De la santé publique en Algérie

Dans notre pays malheureusement, ce rapport de complémentarité et de partenariat interdisciplinaire stratégique, non seulement n'existe pas, mais il lui a été substitué un rapport de subordination directe, une sorte de mise sous tutelle de la santé publique praticienne par la santé publique académique, sous le justificatif que tous les praticiens sont formés par les hospitalo-universitaires, avec un raisonnement similaire à celui qui décréterait qu'un conducteur automobile ne pourra jamais rouler plus loin que le moniteur qui lui a appris à conduire !
Plus sérieusement, la santé publique praticienne s'est trouvée ainsi dépouillée de nombre de prérogatives, qui sont réservées au seul corps des hospitalo-universitaires. Ceci a entraîné évidemment un rétrécissement du champ d'action de la santé publique.
Par ailleurs, le fonctionnement de l'université en vase clos, sur un modèle calqué sur celui des pays développés (dans un souci de modernité, légitime au demeurant) mais qui tend à faire l'apologie du soin de haut niveau, en tournant quelque peu le dos à la santé publique, entraîne une impréparation des personnels formés à embrasser cette carrière, par ailleurs perçue comme dévalorisante.
Le corollaire est le mouvement bien connu de "fuite" des compétences vers le privé, et surtout vers l'étranger, une fois comblées les places disponibles pour une carrière hospitalo-universitaire.
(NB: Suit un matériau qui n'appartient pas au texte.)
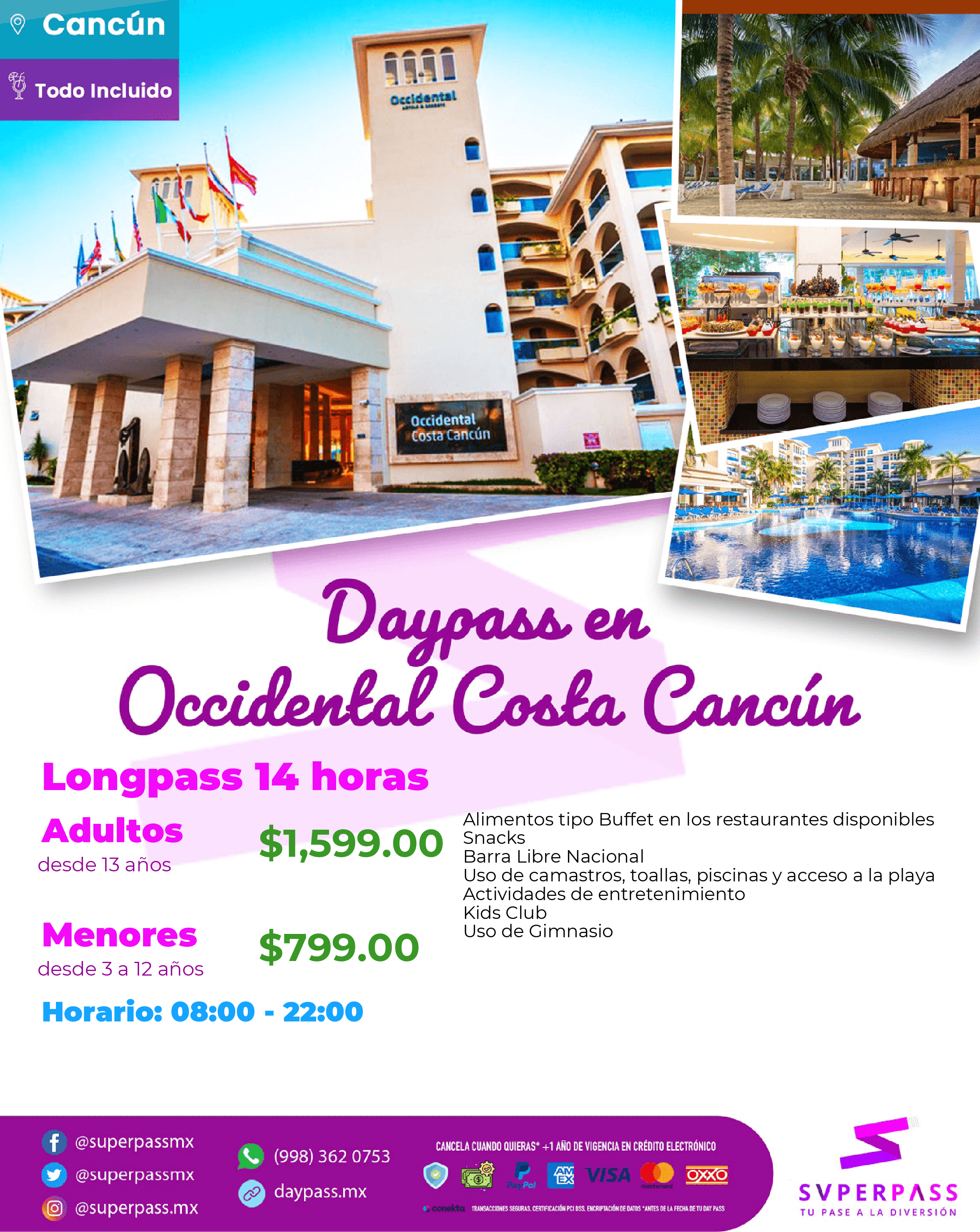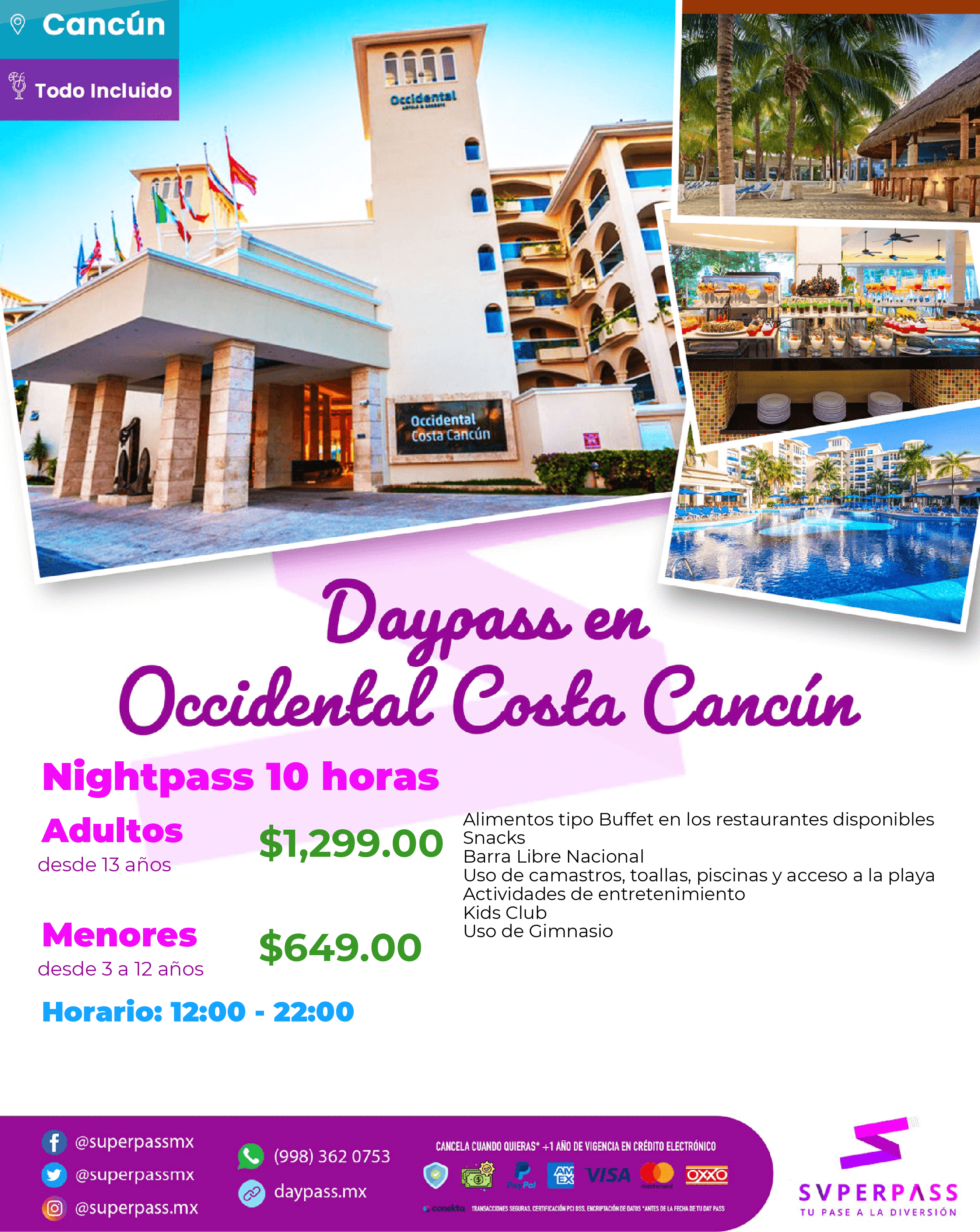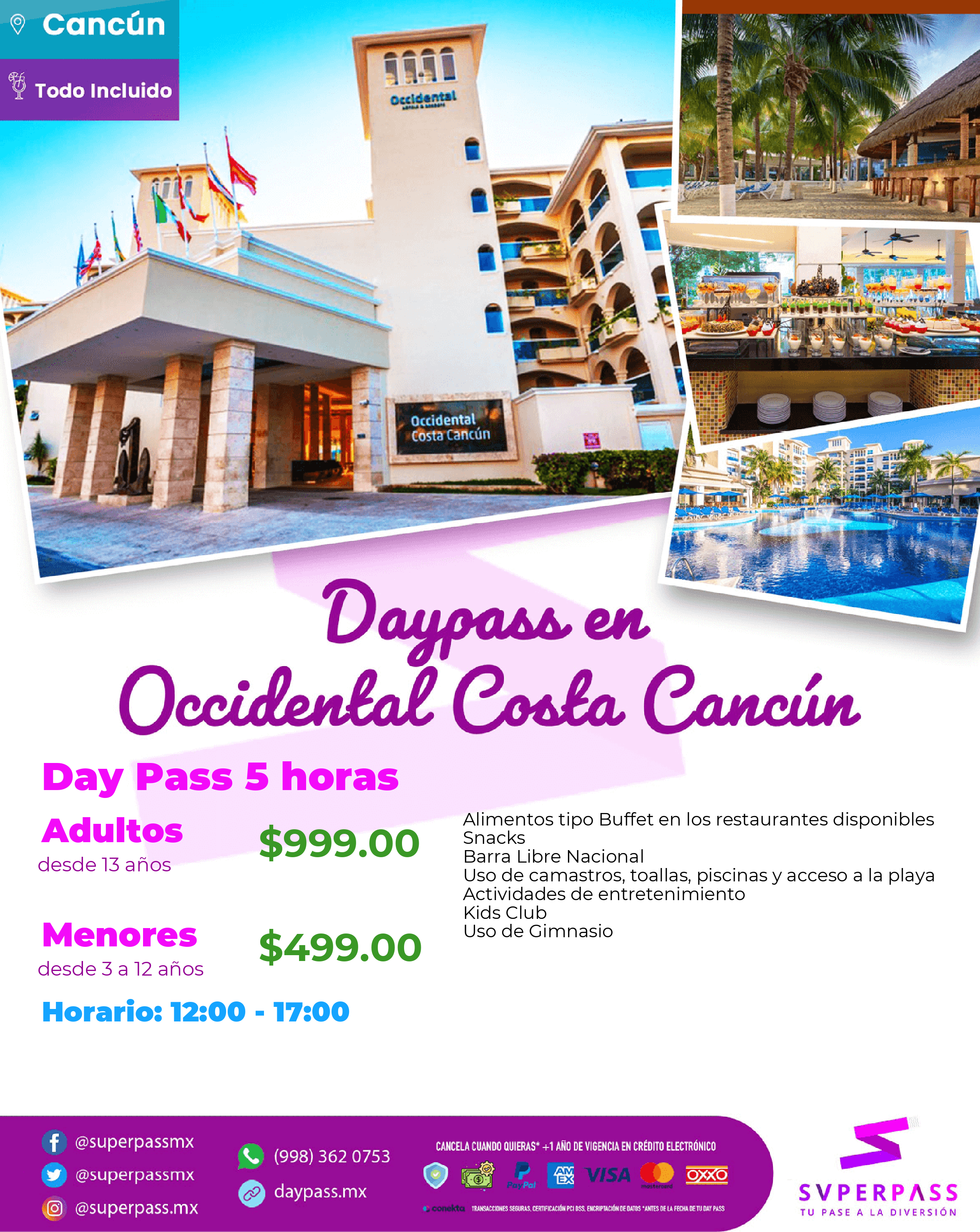 - The Daypass does NOT include : Restrictions according to the schedules and restaurants available lodging.

Dans cet ordre d'idées, les services hospitaliers de santé publique sont autant de terrains de stages potentiels pour les futurs praticiens, avec cet énorme avantage qu'ils les sensibiliseraient plus aux questions de santé communautaire.
Dans le domaine de la recherche également, un fossé se creuse progressivement entre ce qui est valorisé en tant qu'études scientifiques et les besoins pragmatiques du plus grand nombre.
En milieu hospitalo-universitaire, les travaux de recherche originaux sont le plus souvent basés exclusivement sur des malades hospitalisés, avec un intérêt marqué pour les pathologies rares. Sans rien enlever au mérite de tels travaux, il faut noter que les travaux de recherche sur des problèmes de santé publique basés sur une population donnée sont rares.
Or seuls de tels travaux menés à l'échelle locale (secteurs sanitaires), peuvent permettre d'identifier les besoins réels en santé de la population, avec leurs spécificités régionales, de même que la façon optimale d'y répondre. Ces travaux sont également nécessaires pour évaluer l'impact et l'efficience sur le terrain de mesures décidées dans le cadre d'un programme de santé. Ainsi, le spécialiste de santé publique grâce à ses acquis empiriques nés de ses observations sur le terrain, peut être d'un apport capital au sein des comités d'experts, dans le cadre collaboratif de ce partenariat interdisciplinaire évoqué plus haut. Mais bien que la recherche fasse partie des tâches qui lui sont dévolues dans son statut particulier, il ne peut prétendre aux moyens qu'elle implique, et est d'ailleurs exclu du bénéfice de l'indemnité de recherche, accordée au seul corps hospitalo-universitaire.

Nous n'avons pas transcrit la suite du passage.